_EXERCISE_: Exercise in exact copying: restate word for word only the lines below from the one containing "Woodblock for printing" through the one containing "Armband 14 kt", omitting any pictures.

_INFORMATION SHOWN_:
----
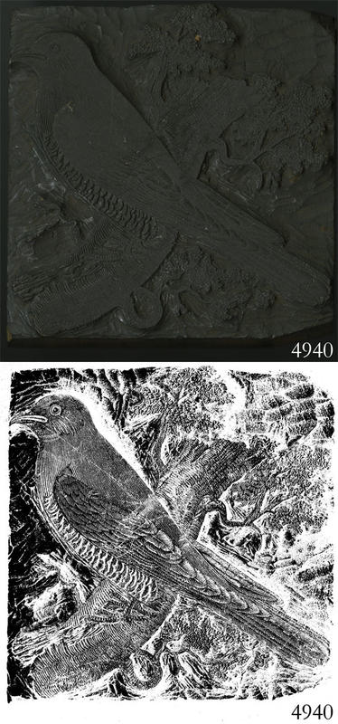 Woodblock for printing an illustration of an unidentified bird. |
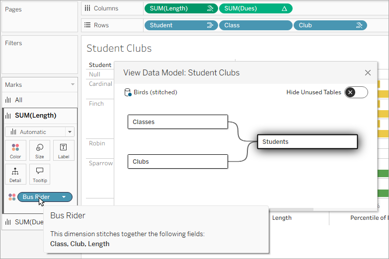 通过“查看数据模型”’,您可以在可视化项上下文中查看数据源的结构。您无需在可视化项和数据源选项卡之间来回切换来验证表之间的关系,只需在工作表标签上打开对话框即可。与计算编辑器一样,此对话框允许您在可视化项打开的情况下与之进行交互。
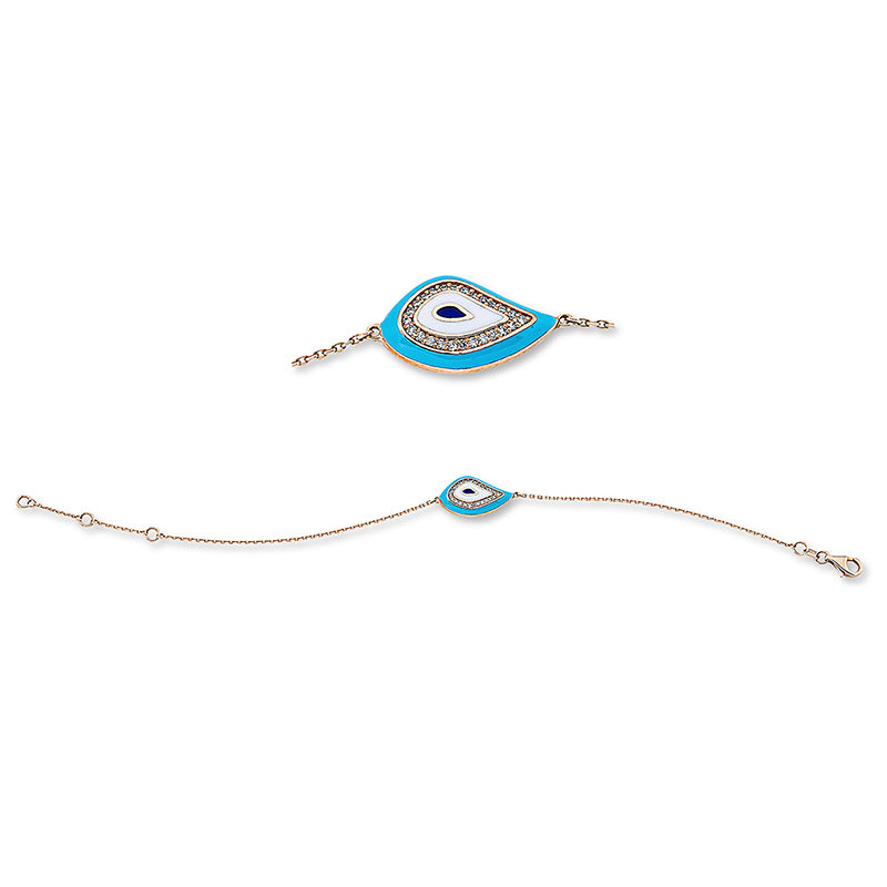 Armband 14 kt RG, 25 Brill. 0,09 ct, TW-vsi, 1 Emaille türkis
----
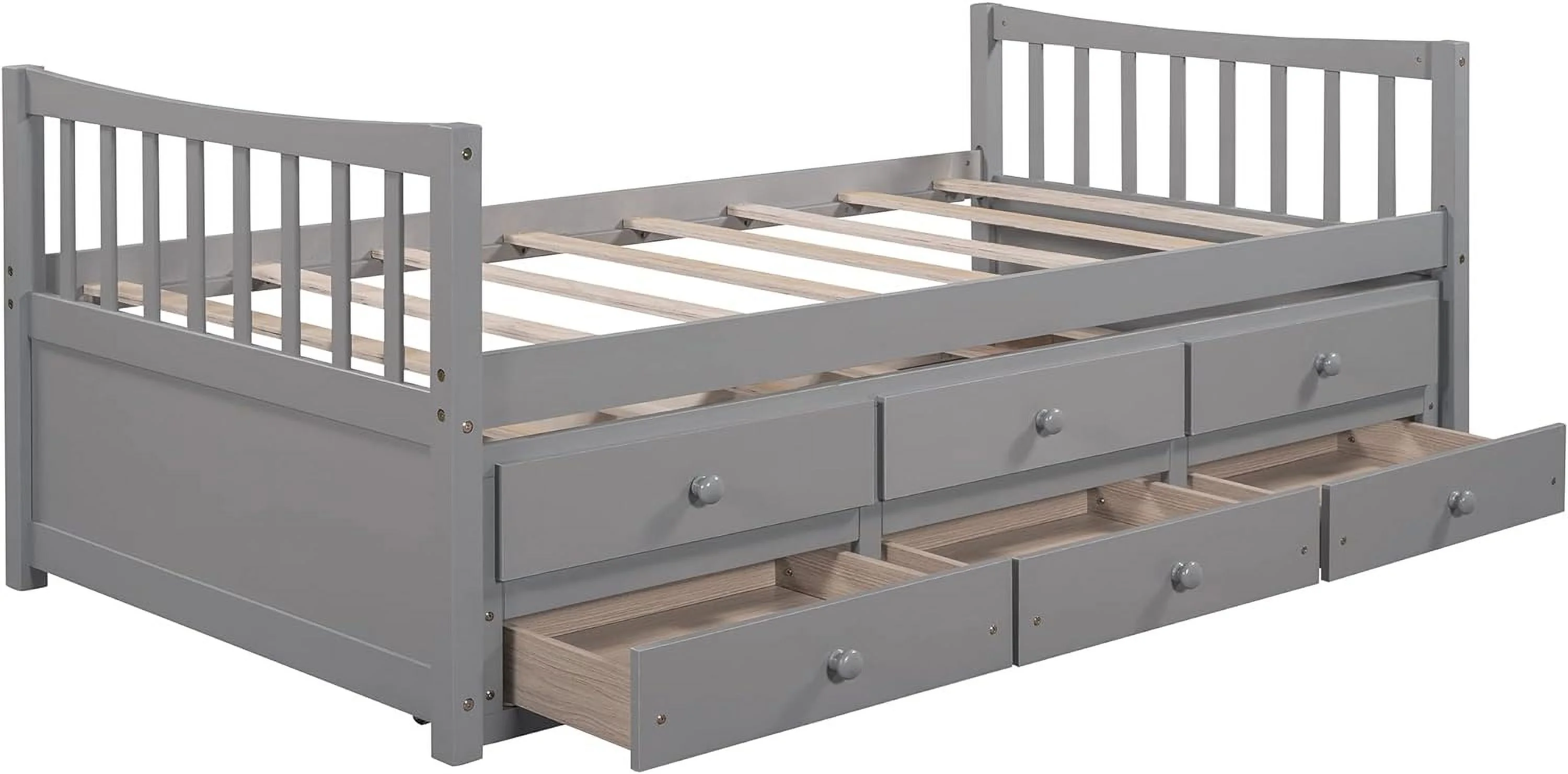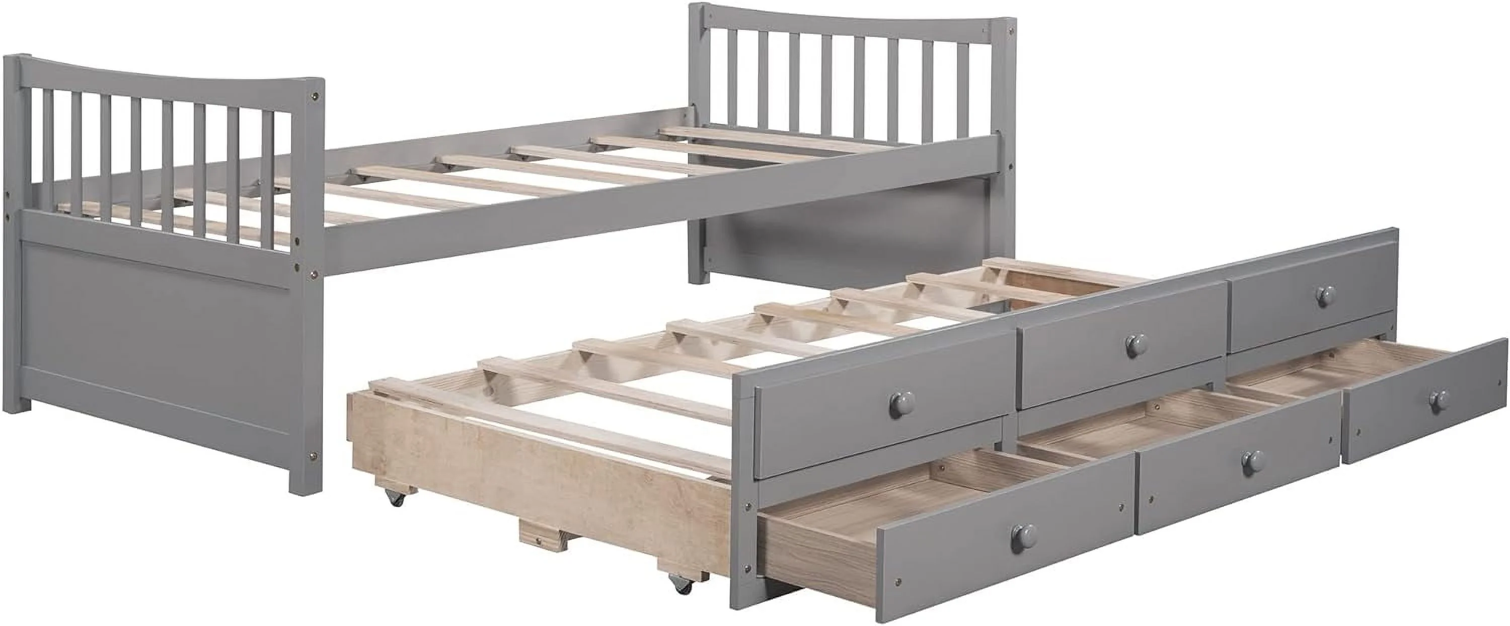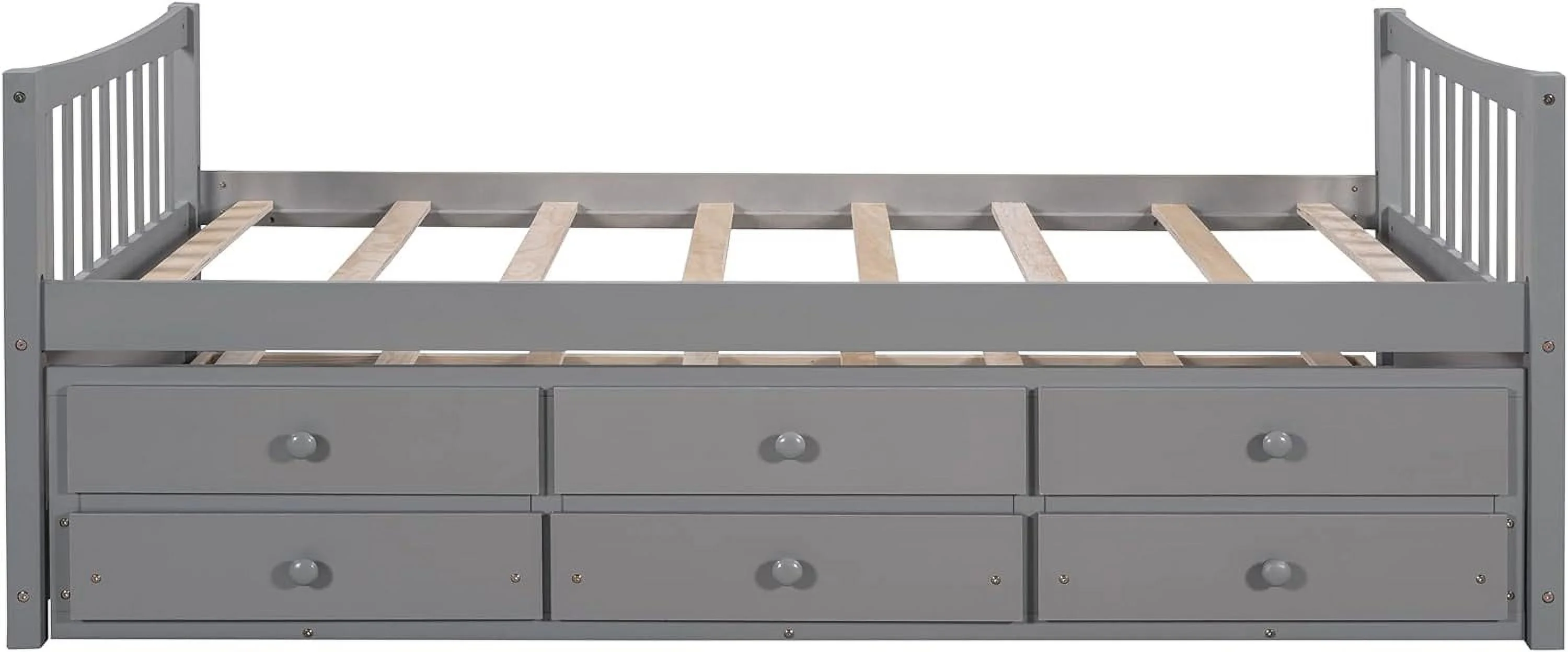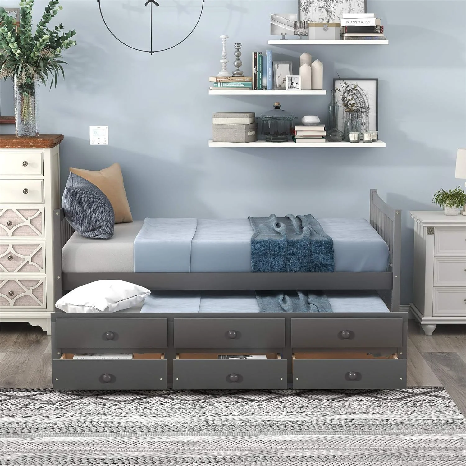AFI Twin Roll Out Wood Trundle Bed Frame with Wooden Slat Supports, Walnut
----
_RESULT FOR THIS EXERCISE_:
 Woodblock for printing an illustration of an unidentified bird. |
 通过“查看数据模型”’,您可以在可视化项上下文中查看数据源的结构。您无需在可视化项和数据源选项卡之间来回切换来验证表之间的关系,只需在工作表标签上打开对话框即可。与计算编辑器一样,此对话框允许您在可视化项打开的情况下与之进行交互。
 Armband 14 kt RG, 25 Brill. 0,09 ct, TW-vsi, 1 Emaille türkis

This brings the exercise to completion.